__WORK INSTRUCTIONS__
Copy the entries that appear below in full, leaving out any picture among them.

+---+

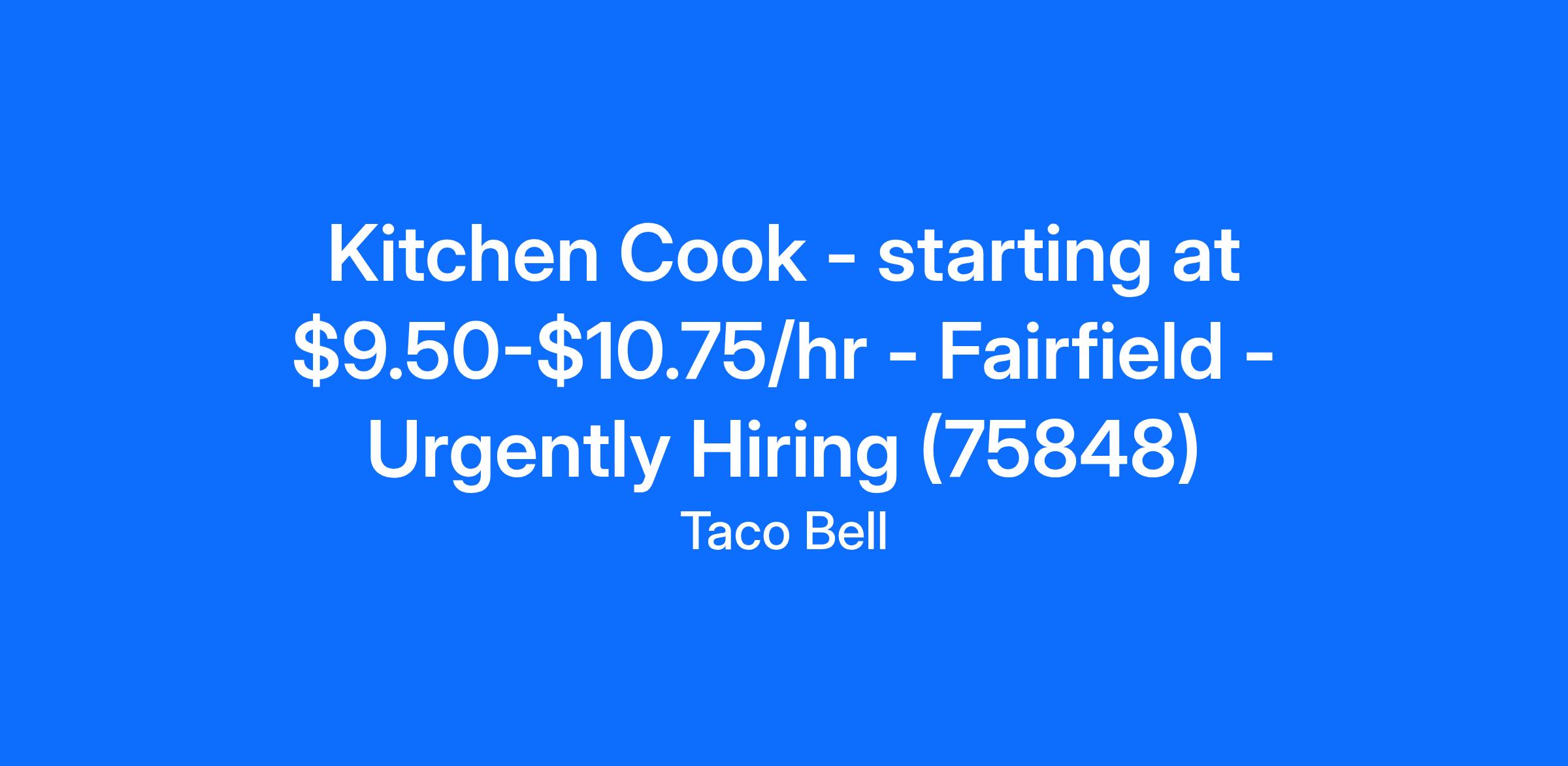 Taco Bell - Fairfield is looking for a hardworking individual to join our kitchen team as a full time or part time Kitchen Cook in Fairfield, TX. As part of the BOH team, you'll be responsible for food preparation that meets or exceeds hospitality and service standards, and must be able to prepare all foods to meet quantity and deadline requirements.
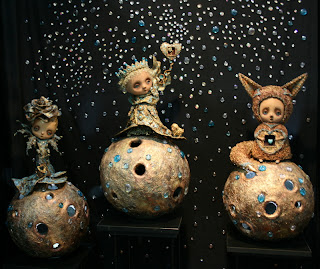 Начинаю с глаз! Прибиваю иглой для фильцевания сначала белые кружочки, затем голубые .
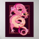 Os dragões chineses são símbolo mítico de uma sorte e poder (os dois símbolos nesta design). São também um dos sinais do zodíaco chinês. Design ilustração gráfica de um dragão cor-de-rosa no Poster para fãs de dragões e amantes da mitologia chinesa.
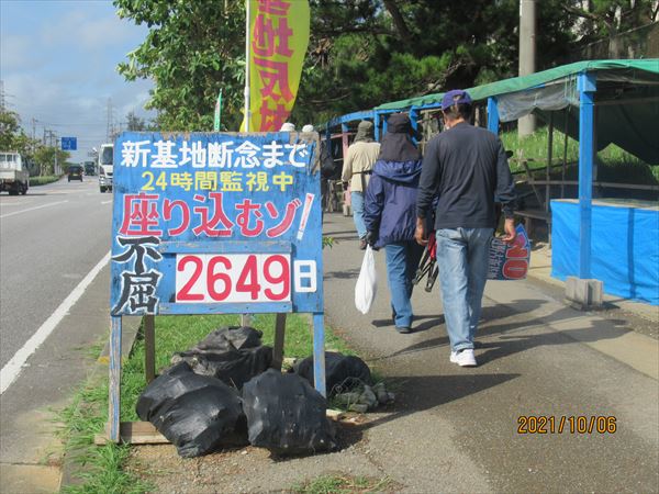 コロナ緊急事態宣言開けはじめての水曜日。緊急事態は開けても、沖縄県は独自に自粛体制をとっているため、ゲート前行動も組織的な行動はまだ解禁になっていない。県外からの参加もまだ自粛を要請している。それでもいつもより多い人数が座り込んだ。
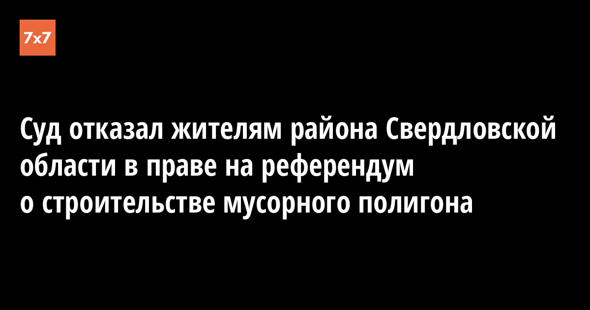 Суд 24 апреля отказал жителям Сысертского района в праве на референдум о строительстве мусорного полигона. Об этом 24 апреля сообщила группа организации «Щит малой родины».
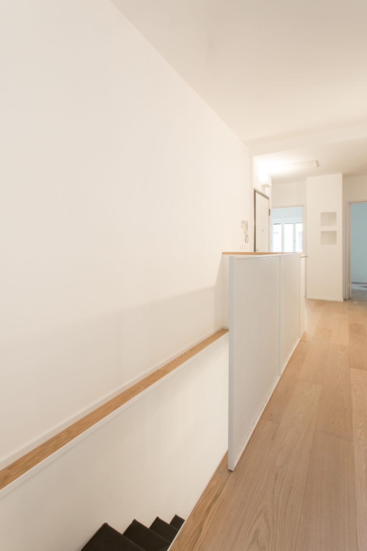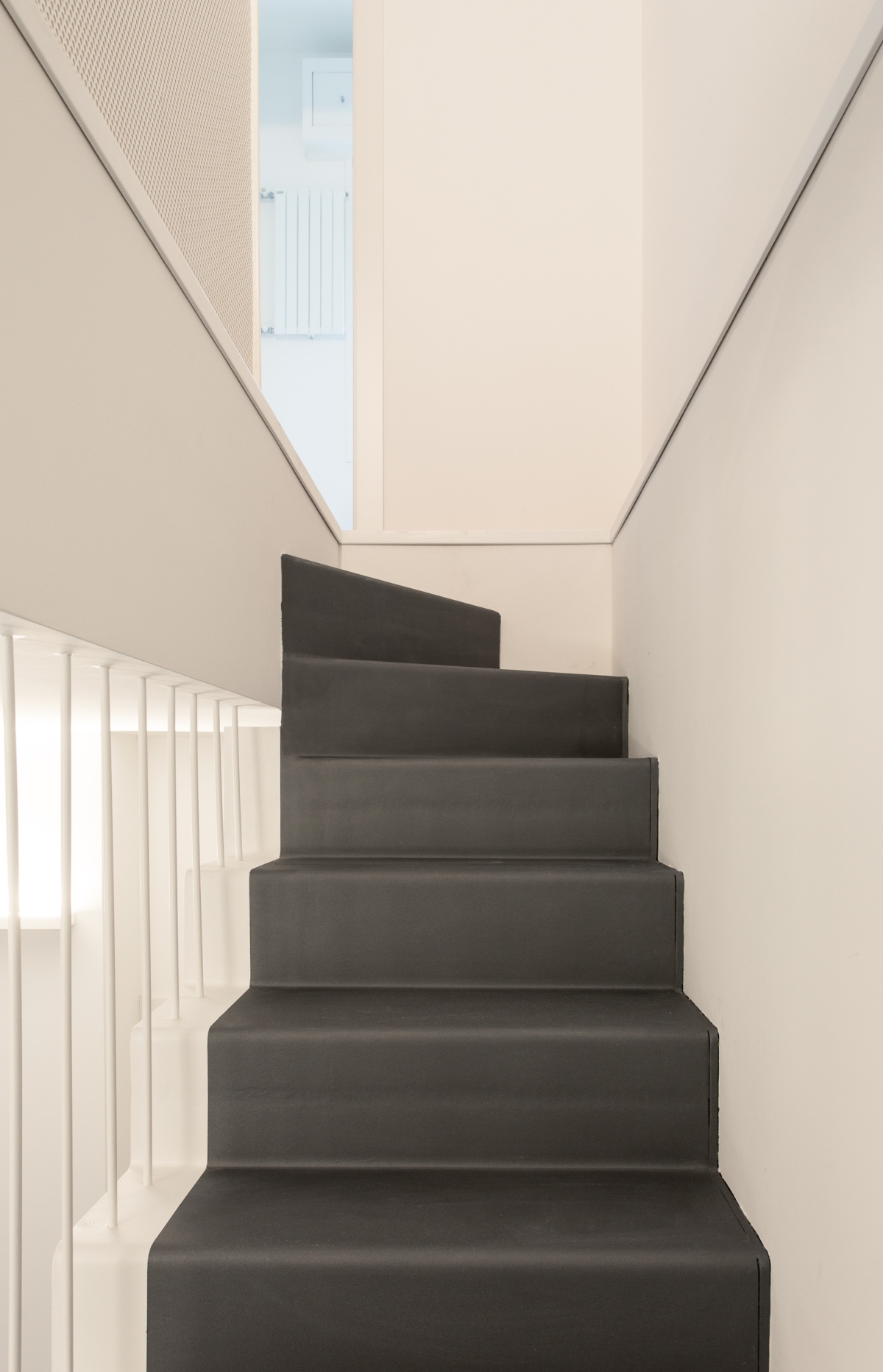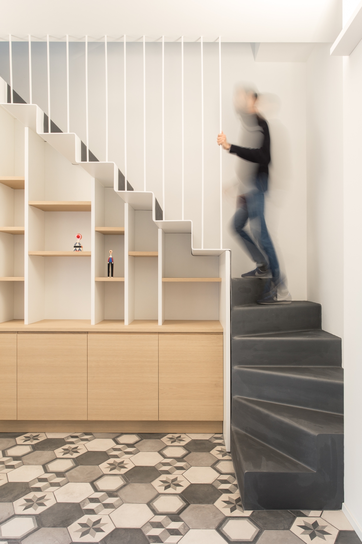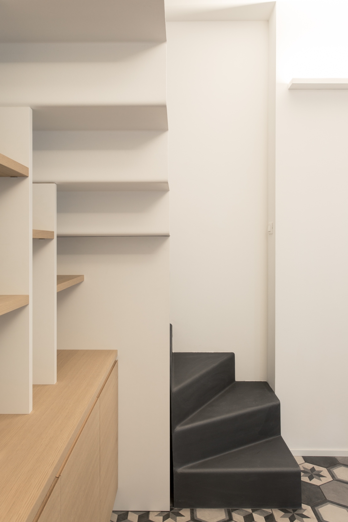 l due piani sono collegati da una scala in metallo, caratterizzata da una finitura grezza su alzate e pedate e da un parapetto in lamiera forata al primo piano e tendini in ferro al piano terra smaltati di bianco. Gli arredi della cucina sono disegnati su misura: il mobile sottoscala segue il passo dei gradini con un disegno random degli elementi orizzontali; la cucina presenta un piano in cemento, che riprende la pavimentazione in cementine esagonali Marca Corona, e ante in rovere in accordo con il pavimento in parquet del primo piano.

+---+

__RESULT FOR THIS EXERCISE__
 Taco Bell - Fairfield is looking for a hardworking individual to join our kitchen team as a full time or part time Kitchen Cook in Fairfield, TX. As part of the BOH team, you'll be responsible for food preparation that meets or exceeds hospitality and service standards, and must be able to prepare all foods to meet quantity and deadline requirements.
 Начинаю с глаз! Прибиваю иглой для фильцевания сначала белые кружочки, затем голубые .
 Os dragões chineses são símbolo mítico de uma sorte e poder (os dois símbolos nesta design). São também um dos sinais do zodíaco chinês. Design ilustração gráfica de um dragão cor-de-rosa no Poster para fãs de dragões e amantes da mitologia chinesa.
 コロナ緊急事態宣言開けはじめての水曜日。緊急事態は開けても、沖縄県は独自に自粛体制をとっているため、ゲート前行動も組織的な行動はまだ解禁になっていない。県外からの参加もまだ自粛を要請している。それでもいつもより多い人数が座り込んだ。
 Суд 24 апреля отказал жителям Сысертского района в праве на референдум о строительстве мусорного полигона. Об этом 24 апреля сообщила группа организации «Щит малой родины».
 l due piani sono collegati da una scala in metallo, caratterizzata da una finitura grezza su alzate e pedate e da un parapetto in lamiera forata al primo piano e tendini in ferro al piano terra smaltati di bianco. Gli arredi della cucina sono disegnati su misura: il mobile sottoscala segue il passo dei gradini con un disegno random degli elementi orizzontali; la cucina presenta un piano in cemento, che riprende la pavimentazione in cementine esagonali Marca Corona, e ante in rovere in accordo con il pavimento in parquet del primo piano.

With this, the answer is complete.